Urban Collectivisation and Workers’ Self-Management
With regards to industrial and urban areas, workplaces were taken over and run by committees. There were no more bosses taking big wages and so this money could be ploughed straight back into the businesses and be distributed among the workers themselves. Working hours and wages were standardised in the factories. Many people, especially in the war industries, worked longer hours for the cause, making ammunition, converting vehicles into tanks or clothing for the militias fighting the fascists at the front. Shops, such as bakers, opticians and barbers were collectivised and although some shops were closed to make way for other more efficient ones everybody remained employed. Transport such as trams, buses and taxis were nationalised and ran, according to eye-witness accounts, much more efficiently than before. Health services were nationalised, with The Health Workers’ Union attracting 8,000 new members by November 1936, only three months after it was founded (p. 99). The Unions (specifically the CNT-FAI) played a very important part in holding the industrial areas together and forming the basis for collectivisation of industry.
onclusion
The authors acknowledge that the social revolution was not perfect.

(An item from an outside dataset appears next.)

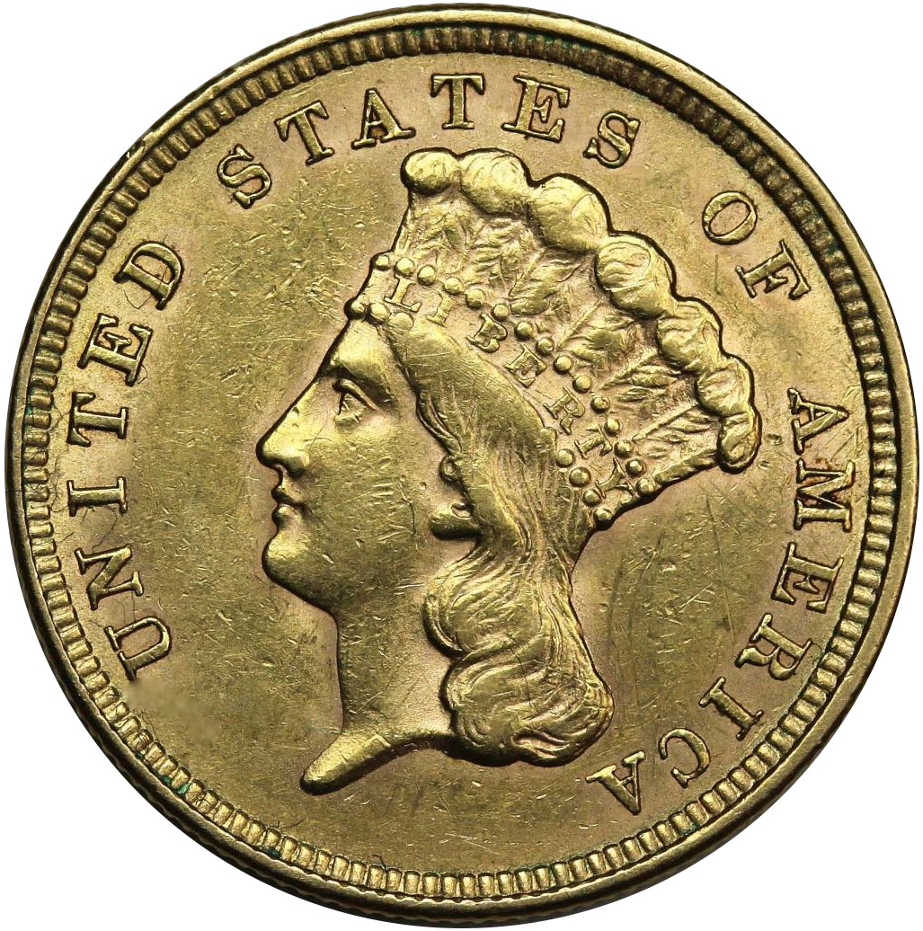 Obverse of a 1854 Three-dollar piece
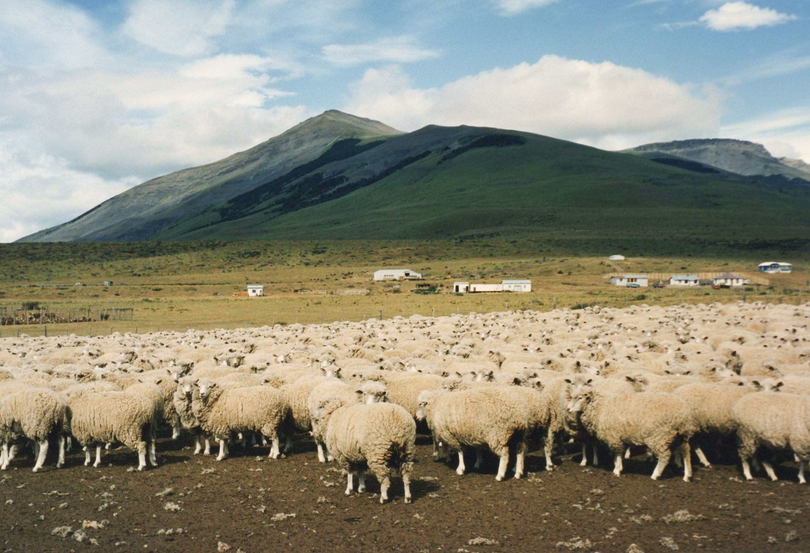 Sheep in Torres del Paine National Park, Chile

A lot of the organisation was done by trial and error with many group meetings to start with until things started to run smoothly. With regards to justice, there were systems implemented where the village or workplace committees would reprimand a first time offender and then would be referred to the village as a whole if the breaking of commune rules continued. Those involved in the social revolution were also aware that there may come the time when the communes needed defending and militias would need to be hastily arranged. These would be non-hierarchical and include men and women. Most of the social revolution work was conducted by women and older people, as the young, strong men were defending against the fascists at the front. Leval lists, the objectives and how well they were met, or not and despite the obstacles, Leval writes: “the revolution developed in extremely complicated circumstances. Attacks from within and without had to be fought off. It took fantastic efforts to put anarchist principles into practice. But in many places it was done. The organisers found out how to get round everything.” (p. 170).
Inspired and helped by the CNT-FAI, with a bit of creative thinking, and the freedom to do it, the social revolution in Spain flourished, until it was betrayed from within by the Left and beaten by Franco’s troops. However, this book demonstrates that it is possible to build a new world even under the most extreme circumstances. It is the book I always wanted to read about the Spanish Civil War and to be inspired by.